Return all of the data verbatim, dropping any picture.

Content starts

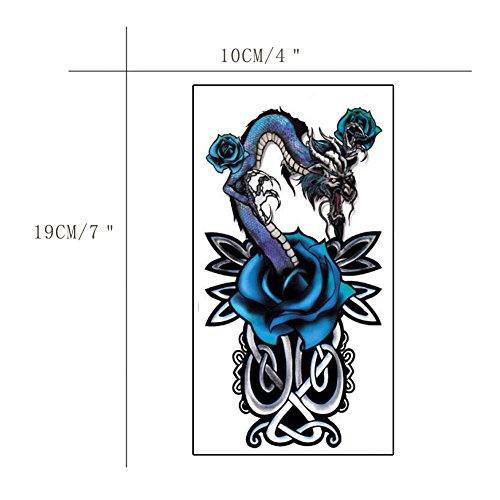 TAFLY Colorful Blue Rose Dragon Design Large Temporary Tattoo Stickers Big Waterproof Tattoos for Women Arm Leg Body Art 5 Sheets
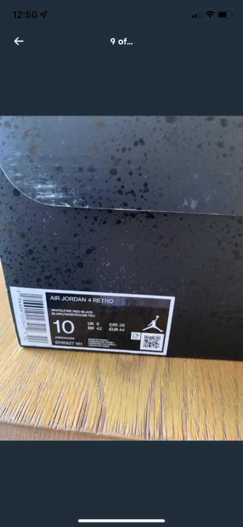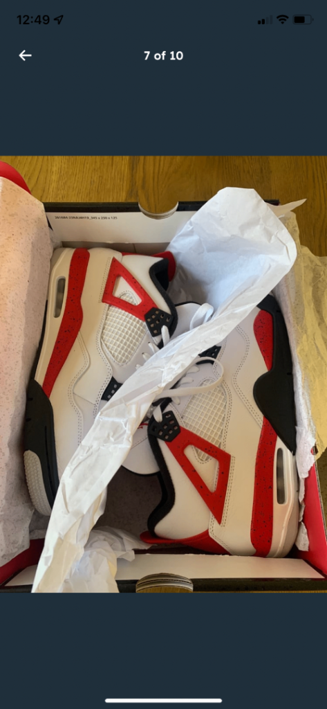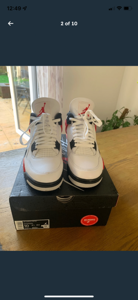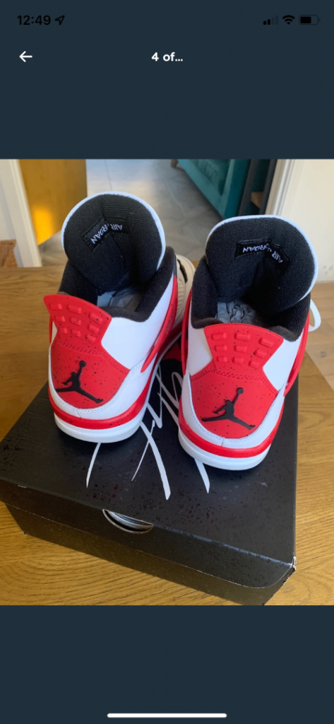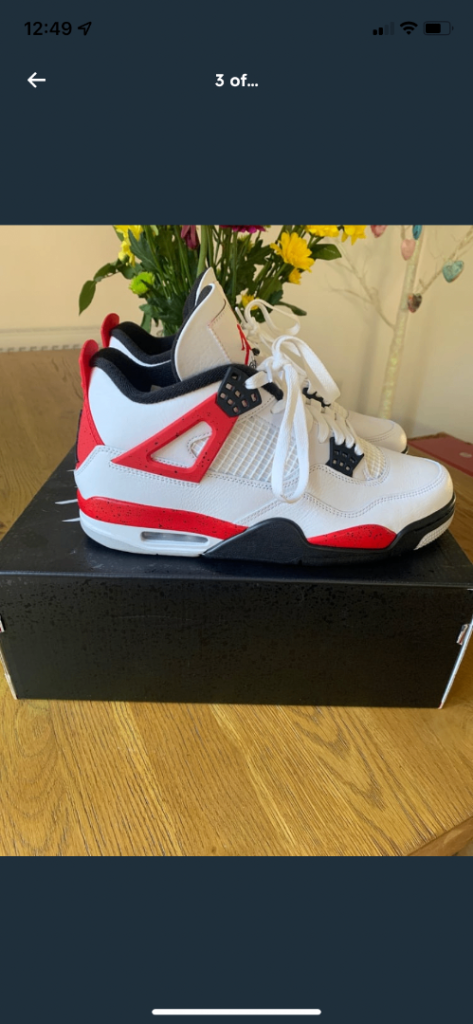 A pair of Jordan 4 Retro Red Cement (white/fire red - black worn twice excellent condition.
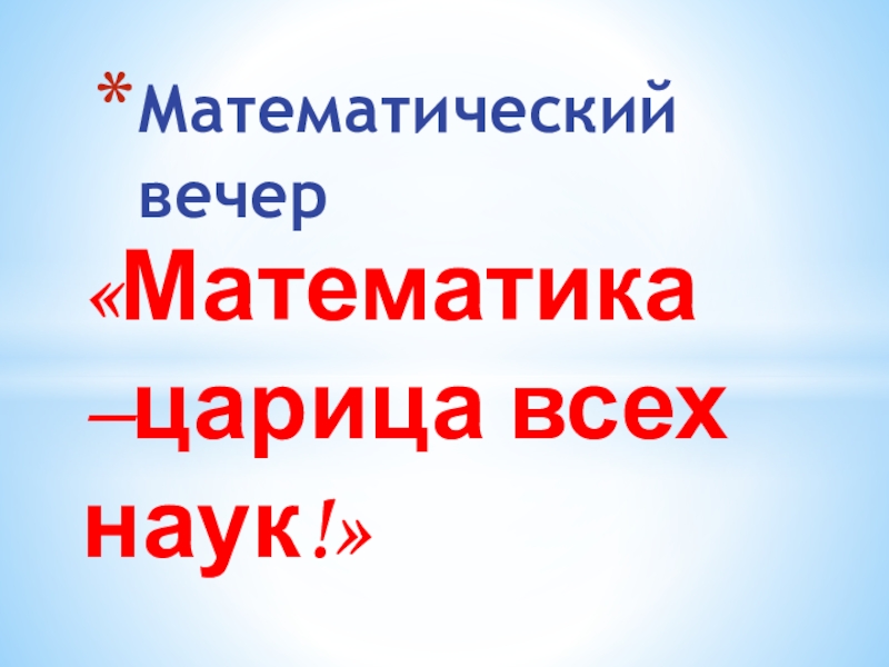 Презентация, доклад к вечеруМатематика-царица всех наук!
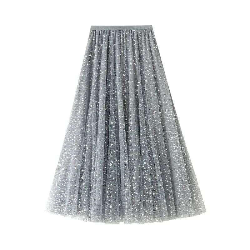 Dröm dig bort under stjärnorna – fast på dagtid. Den här långa tyllkjolen med gnistrande stjärnmotiv ger dig en sagolik aura och en mjuk, följsam känsla som dansar med varje steg du tar.
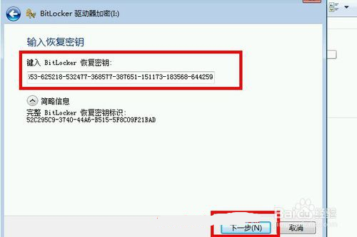 5、把恢復(fù)秘鑰粘貼到bitlocker的窗口點擊恢復(fù)即可。
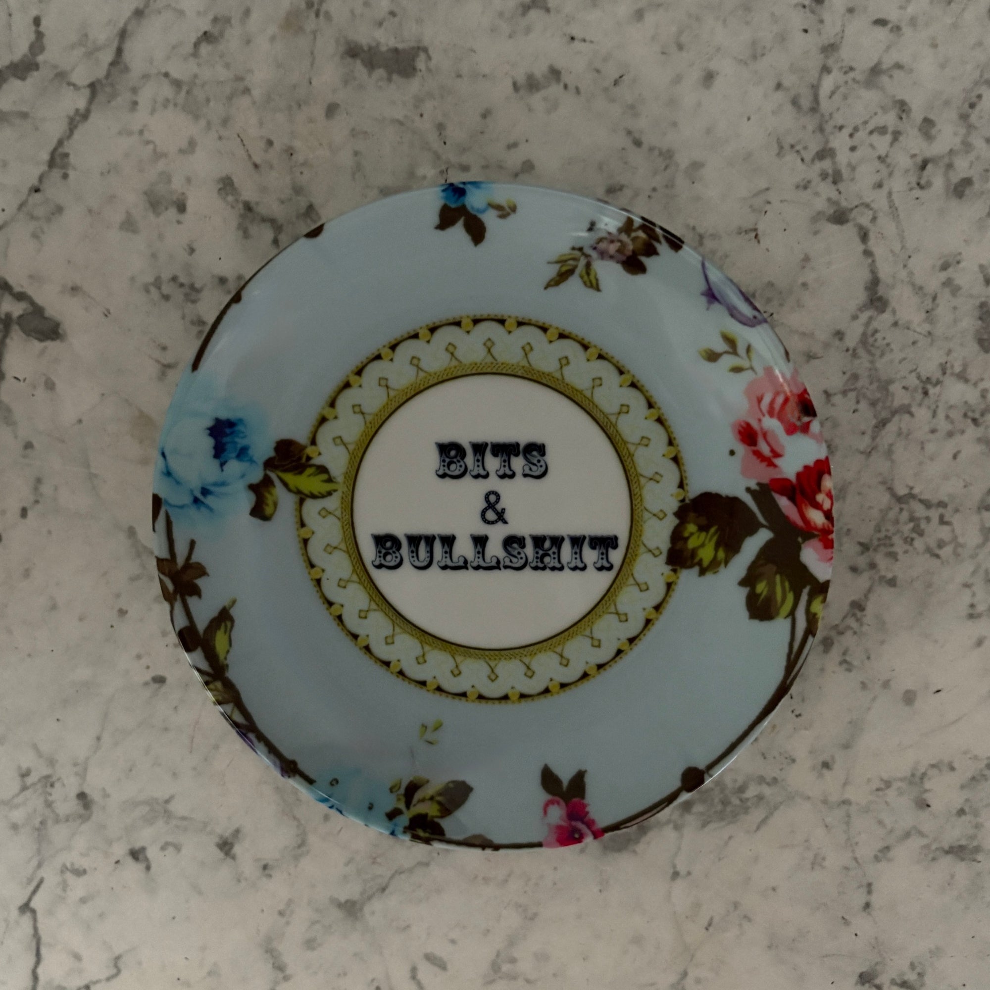 Fun, fabulous, and full of flair, this Trinket Bowl is the perfect blend of pretty and playful. Featuring a charming floral motif contrasted with the unapologetically bold phrase "BITS & BULLSHIT" in black lettering at the centre, this ceramic plate adds a dose of humour and personality to your space.

Content ends

[OUTPUT FOR THIS EXERCISE]
 TAFLY Colorful Blue Rose Dragon Design Large Temporary Tattoo Stickers Big Waterproof Tattoos for Women Arm Leg Body Art 5 Sheets
 A pair of Jordan 4 Retro Red Cement (white/fire red - black worn twice excellent condition.
 Презентация, доклад к вечеруМатематика-царица всех наук!
 Dröm dig bort under stjärnorna – fast på dagtid. Den här långa tyllkjolen med gnistrande stjärnmotiv ger dig en sagolik aura och en mjuk, följsam känsla som dansar med varje steg du tar.
 5、把恢復(fù)秘鑰粘貼到bitlocker的窗口點擊恢復(fù)即可。
 Fun, fabulous, and full of flair, this Trinket Bowl is the perfect blend of pretty and playful. Featuring a charming floral motif contrasted with the unapologetically bold phrase "BITS & BULLSHIT" in black lettering at the centre, this ceramic plate adds a dose of humour and personality to your space.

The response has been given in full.